イレニサ(IRENISA) 2022-23年秋冬コレクションが発表された。
2020-21年秋冬コレクションのデビュー以来、スタンダードなベーシックカラーが基調のメンズウェアを展開してきたイレニサ。そんなブランドのコレクションに今季突如として差し込まれたのは、燃えるように鮮やかな朱色だ。神社の鳥居の色としても知られるこの特別なパレットは、私たち日本人にとっても本来馴染み深い色なのかもしれない。その証拠にコレクションの中では、アクセントであると同時に、日常に溶け込むような両極の要素を内包しているようにも感じられる。
主にシャツとして登場した朱色のトップスは、秋冬らしいシックなダークカラーのレイヤードスタイルと共に提案される。ジャケットを羽織ったシンプルなスタイリングもあれば、グレーのシャツのポイントとして、首元に差し込んでみたり、朱色のニットウェアをさらに重ねてみたりと、それぞれの個性を引き出すコーディネートを楽しんでいるようだ。

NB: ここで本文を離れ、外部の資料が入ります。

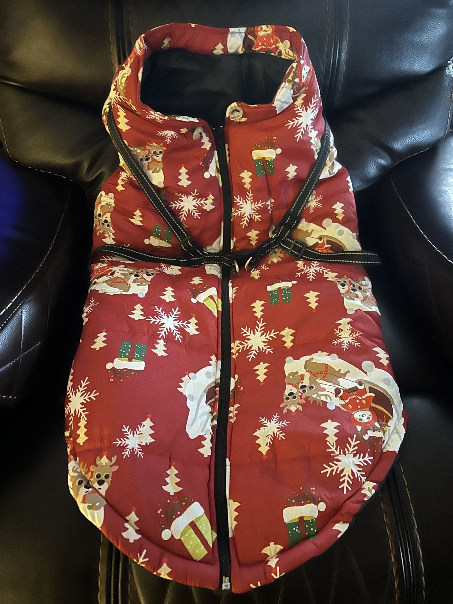 New / Nuevo Dog Jacket Windproof Dog Sweater with Padded Vest Chest Strap Harness Dogs Coat Christmas Red XL Neck 28 “ Chest 35 “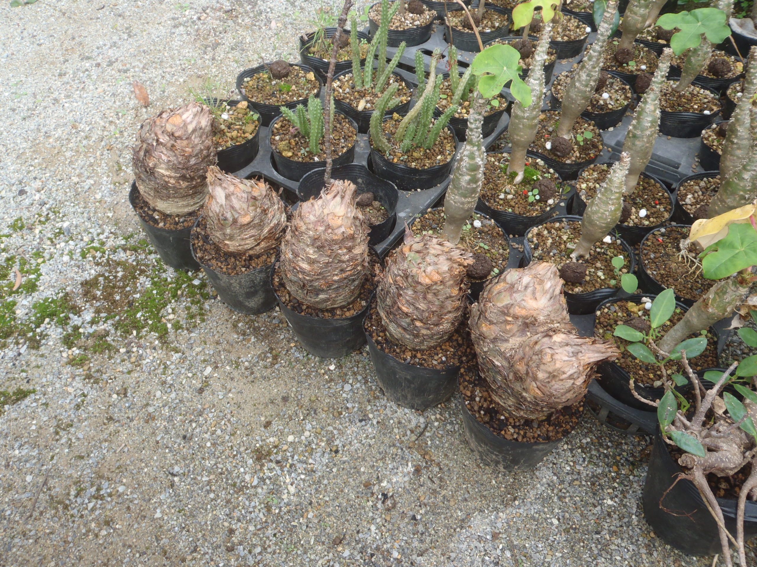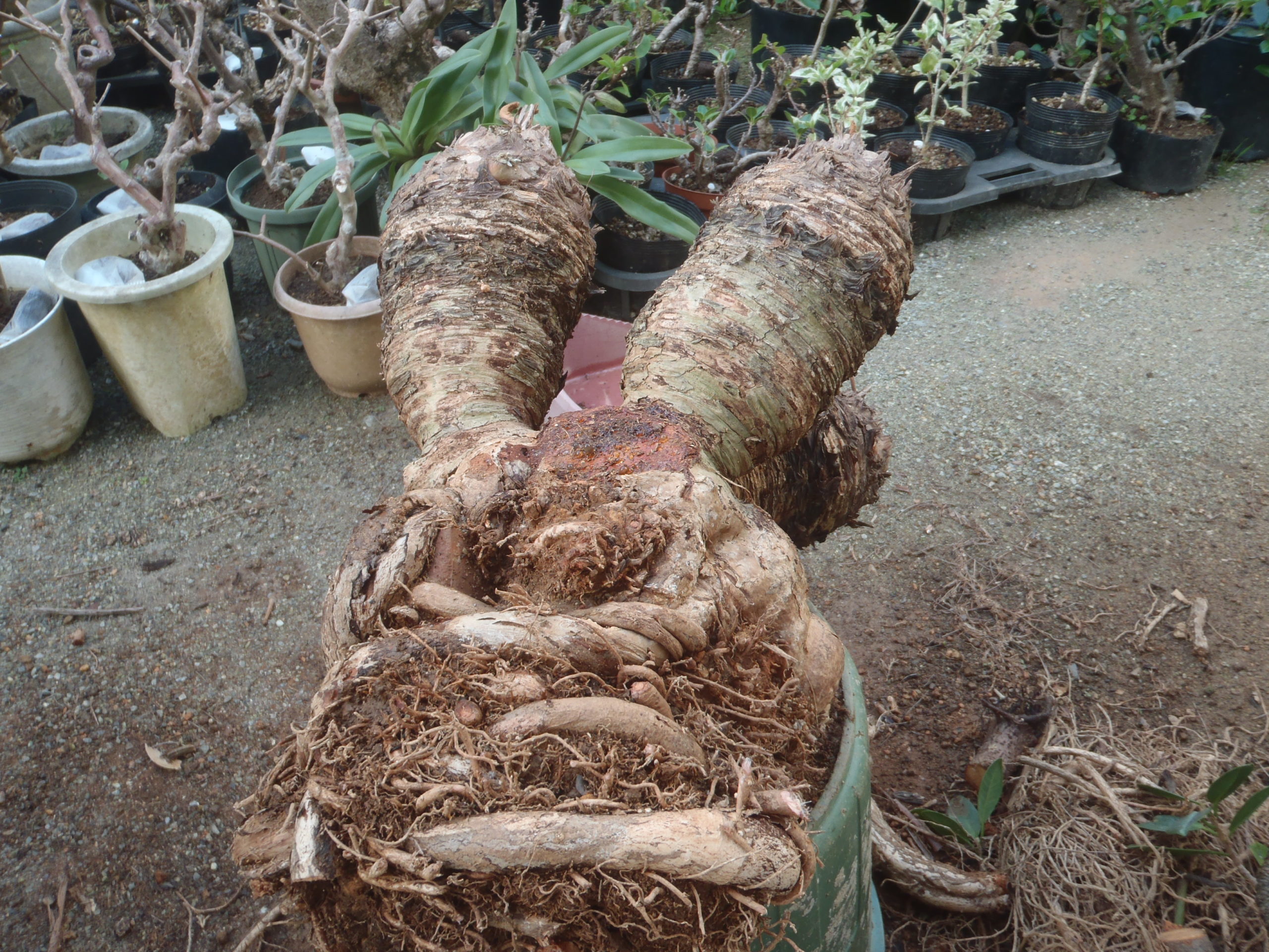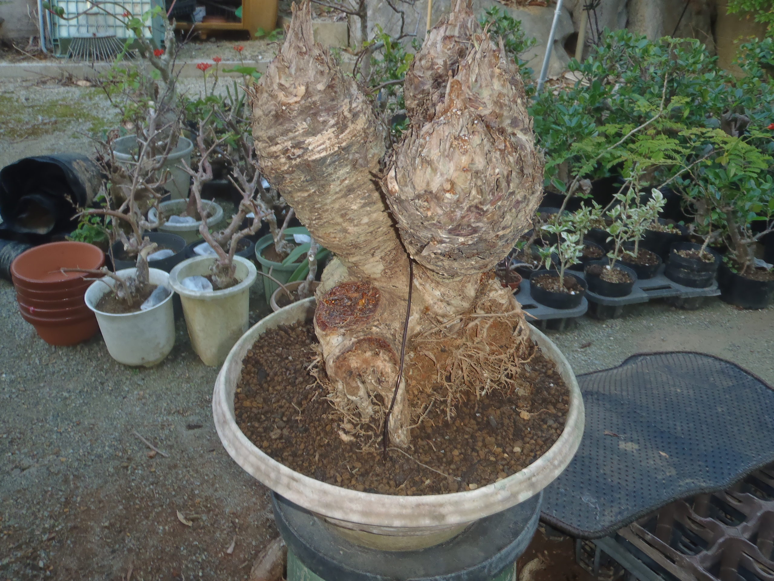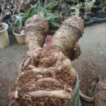 このソテツの根、超柔らかい、まるで萎びた大根のようである、土を落とすと自立しない感じだ、ハサミで何の抵抗もなく太い根が切れる。

どんなにダークトーンに囲まれていても、そこに"奇抜さ”はなく、むしろ上品な空気を感じられるほど。全身をブラウンで統一したルックは、ひとさじの朱色が加わることで、全体像をより一層引き立てて、ロングコートが持つ落ち感や端正なシルエットのパンツなど、洋服ひとつひとつが持つ表情を浮き彫りにしていく。
秋冬らしく今季はアウター群も豊富。テーラリングが美しいシングルジャケット、大きなラペルを持つチェスターコート、ロング丈のユニークなベスト、オーバーサイズに仕上げたブルゾンなど、様々なテイストのアウターがランウェイを交差する。
また今季はダッフルコートこそ存在しないものの、その象徴的な“トグル”を使用したディテールが散見されたのも印象的だった。中でも目を惹いたのは、Vネックから布を繋ぎ合わせたような、独特な前合わせを持つルック。その首元に生まれた構築的なフォルムのトラペーズ・ネックに対して、あえてトグルの向きをバラバラにしたシニカルな表情がユニークだった。